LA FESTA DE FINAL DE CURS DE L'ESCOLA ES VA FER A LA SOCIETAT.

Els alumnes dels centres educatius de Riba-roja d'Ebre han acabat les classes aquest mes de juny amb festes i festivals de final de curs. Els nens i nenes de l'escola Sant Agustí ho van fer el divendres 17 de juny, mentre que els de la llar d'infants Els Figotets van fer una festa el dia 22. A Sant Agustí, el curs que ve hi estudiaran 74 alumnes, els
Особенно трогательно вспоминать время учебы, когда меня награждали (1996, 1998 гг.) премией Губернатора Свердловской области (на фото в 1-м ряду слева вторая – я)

* * *

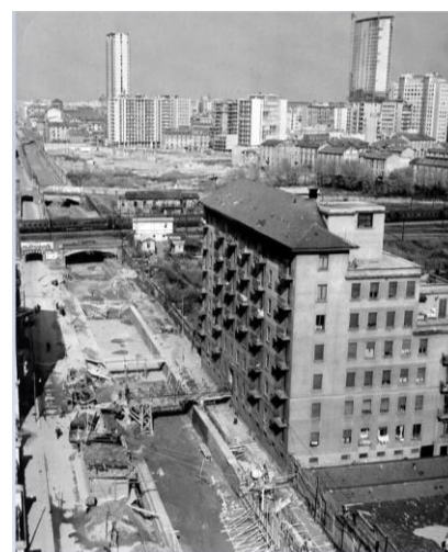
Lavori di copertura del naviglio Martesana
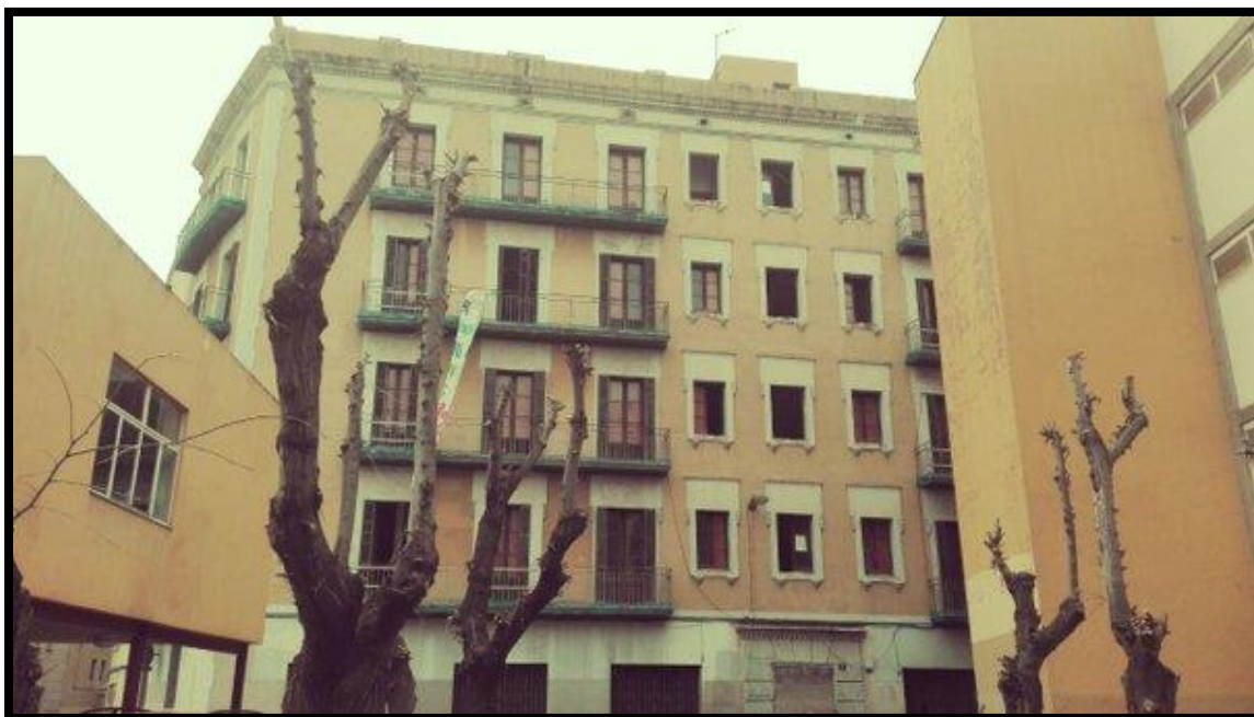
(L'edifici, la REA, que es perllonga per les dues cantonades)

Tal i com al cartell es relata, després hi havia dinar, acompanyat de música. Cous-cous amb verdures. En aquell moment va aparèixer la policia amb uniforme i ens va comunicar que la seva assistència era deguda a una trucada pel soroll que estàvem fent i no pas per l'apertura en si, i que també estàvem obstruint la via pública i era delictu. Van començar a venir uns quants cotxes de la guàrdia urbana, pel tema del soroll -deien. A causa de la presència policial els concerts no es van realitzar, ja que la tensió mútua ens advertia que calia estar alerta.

==

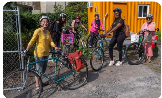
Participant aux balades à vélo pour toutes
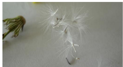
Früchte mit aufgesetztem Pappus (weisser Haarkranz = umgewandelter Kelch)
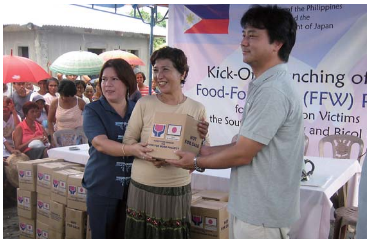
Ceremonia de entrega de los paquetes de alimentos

Your task:
Please copy the lines in the records above between the one holding "LA FESTA DE" and the one holding "Особенно трогательно вспоминать", inclusive, exactly and with no other line.

Completed exercise:
LA FESTA DE FINAL DE CURS DE L'ESCOLA ES VA FER A LA SOCIETAT.

Els alumnes dels centres educatius de Riba-roja d'Ebre han acabat les classes aquest mes de juny amb festes i festivals de final de curs. Els nens i nenes de l'escola Sant Agustí ho van fer el divendres 17 de juny, mentre que els de la llar d'infants Els Figotets van fer una festa el dia 22. A Sant Agustí, el curs que ve hi estudiaran 74 alumnes, els
Особенно трогательно вспоминать время учебы, когда меня награждали (1996, 1998 гг.) премией Губернатора Свердловской области (на фото в 1-м ряду слева вторая – я)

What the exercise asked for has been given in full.